Although each of the books has its individual story, I initially decided to see about doing one book by a master from the generation before mine, one from a poet of my own age, and two from poets who were a bit younger. I wanted at least one book to be a score, and one to be a home-made coffee table art book.

I had produced my web anthology with no more resources than the average university student in the U.S. (in fact, being then as now without a broadband connection, quite a few college kids might have had more advanced toys by that time, and perhaps the majority are ahead of me now). William Blake made a point of quoting a favorite passage from the Biblical Book of Isaiah: "would that all God's children were prophets." He seemed to be striving for something like this in his ad hoc printing and illuminating methods. A bit over a century and a half after that, I and a number of other young people had made an attempt at distributing our poems (or prophecies, if the term seems different) via mimeo machines. I had gone on to building a home around an offset press with similar intentions. It was interesting to imagine what the 1960s would have been like if we had had such sophisticated gadgets to work with, and how much more appropriate the word "revolution" might have been if we'd had not only the access to fast, graphically sophisticated, and voluminous print, but instantaneous, global interconnectivity.

It seemed only logical, as well as serendipitous, to welcome in the new millennium with the tools for universal prophecy that computer technology was mass producing at a dizzying speed. Nearly everyone who owned a computer also owned at least one printer, and these devices did just what they were called - they PRINTED. Everybody with one could become a publisher. In addition to printing books on paper once more, I wanted to make the point that the new tech not only universalized the printing press. This was a challenge and an invitation to the world, whether anyone paid any attention to what I was doing or not.

In addition to the computer and two printers, I also had a machine for wire binding. This was not part of a student's standard desk top equipment. But it was not expensive, and if any of God's children wanted to become prophets, they could either buy one or have books bound in similar manner at a modest cost at a Kinko's or other duplicating service. I did not want to consider these bindings as neutral expedients. Unlike the plastic combs that had preceded them, they were environmentally friendly. Unlike saddle stitched or perfect bound books, you could turn their pages with only the slightest effort, and the books could lie absolutely flat on a table, the way all books should in an ideal world. This capacity simply makes reading more pleasant under what had become standard reading situations. For scores for music, theater, or other types of performance, a binding of this sort becomes more important in learning parts or in looking at the score on a lectern or music stand.
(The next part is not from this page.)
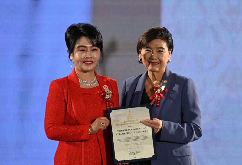 庆典活动举行美国东北总商会换届就职仪式,创会会长路霞担任商会主席、优秀青年企业家朱京一担任新一届会长。国会议员赵美心首先致辞,并向创会会长路霞颁发贺状,表彰美国东北总商会在促进社区经济发展、推动美中经贸发展及民间友好往来所做出的突出贡献,对路霞给予高度评价。她表示,美国及加州的经济发展,需要向美国东北总商会这样的社区组织搭建桥梁、发挥出重要作用。

Of those I had in mind to publish in this series, Michael McClure was one among the elders. Joel Lipman was definitely the one I wanted to work with among poets of my own age group. I definitely wanted Susan Smith Nash to be one of the younger group, which also included Mike Basinski and several others. I believe I thought of doing one multilingual book that went beyond mere translation separately from Susan's, though I'm not sure, and what I asked her for was just that. This book expanded as soon as we began talking about it, and we found a funding source for an offset edition quickly, so a book by her left the list almost immediately.

I had in mind a book of Joel Lipman's stamp and collage based visual poetry. This we began discussing right away, and we are still talking about it. It is a book that needs to be done. Virtually all of Joel's work of this sort that has been reproduced has been done so in black and white. The major exception has been the work of his which I put up at my web site. This alone is not fitting for an exquisite colorist like Joel, and I would like to see our edition, whenever we get it done, as a prelude to a larger offset edition done by a publisher who can afford to do a large, well distributed book. To go to my Survey of Joel's work on-line click here

Michael McClure's The Masked Choir

As much as I admired Michael's poems, my presentation of him on the web seemed incomplete without one of his plays. The web site does include a passage from The Beard, but this comes across more like a poem than a passage from a play. Few of Michael's plays had been performed in recent years, and most weren't even in print. The Masked Choir had never been published in book form, though it had been printed in a magazine. I asked Michael if I could publish this play, and he was enthusiastic. The basic edition we had in mind would be primarily for people to read to themselves, though it could be used by actors as a script easily enough. In addition, once we had the type set in electronic format, we could pass that on to anyone wishing to mount a production. They would still have royalties to pay, but the costs of having copies made would disappear. In addition, if they had cast members with visual impairments, or if there were any other reason why they might want to change the format for active use, they could move the file from the disk to their computer and alter it to suit their needs. If they lost copies, they could print new ones immediately.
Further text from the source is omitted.